Take for example two coupled oscillators $1,2$ (with their associated creation/annihilation operators) described by the Hamiltonian: $$ H = \omega_1 n_1+\omega_2 n_2+I (a_1^\dagger a_2+a_2^\dagger a_1) $$ with the final term being the interaction. You can easily diagonalize it with the new (non-interacting) modes indexed by $\pm$: $$ H = \omega_+ n_++\omega_- n_- $$ If you carried out the calculation, you would find up to reordering that: $$ \omega_\pm = \frac{\omega_1+\omega_2\pm\sqrt{(\omega_1-\omega_2)^2+4|I|^2}}{2} $$

For phonons, you'll have many more modes that you can diagonalize using a Fourier basis, taking advantage of the translation symmetry. Phonon scattering can later be included as an additional non quadratic terms in the Hamiltonian. For example, they could model the interaction between an electron and a phonon (typically of order $3$), or phonons amongst themselves (typically of order $3$ as well). Actually, for thermal conductivity, a naive third order interaction would not be enough, you'll need to include Umklapp processes. Check out Kittel's Introduction to Solid State Physics for more information, for example.

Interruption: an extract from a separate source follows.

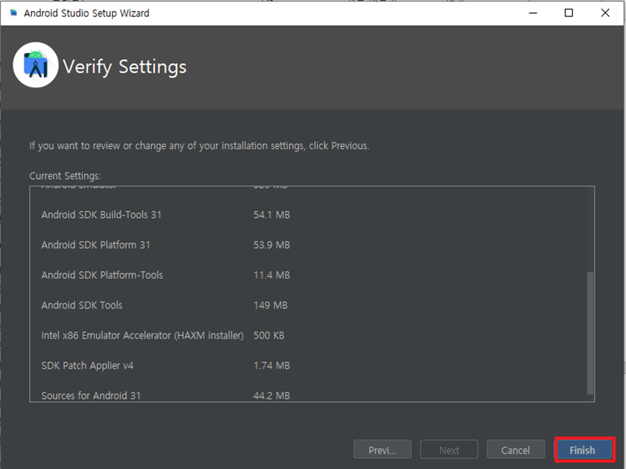 마지막으로 Finish를 누르면 Android Studio 설치가 끝이납니다.

You can then apply perturbation theory in terms of the interaction parameter, and visualize each term of the perturbation series as a Feynman diagram. However, for quantum systems, you'll typically be faced with issues of regularization and renormalization which makes a naive perturbative treatement ill-defined.

Hope this helps and tell me if you need more details.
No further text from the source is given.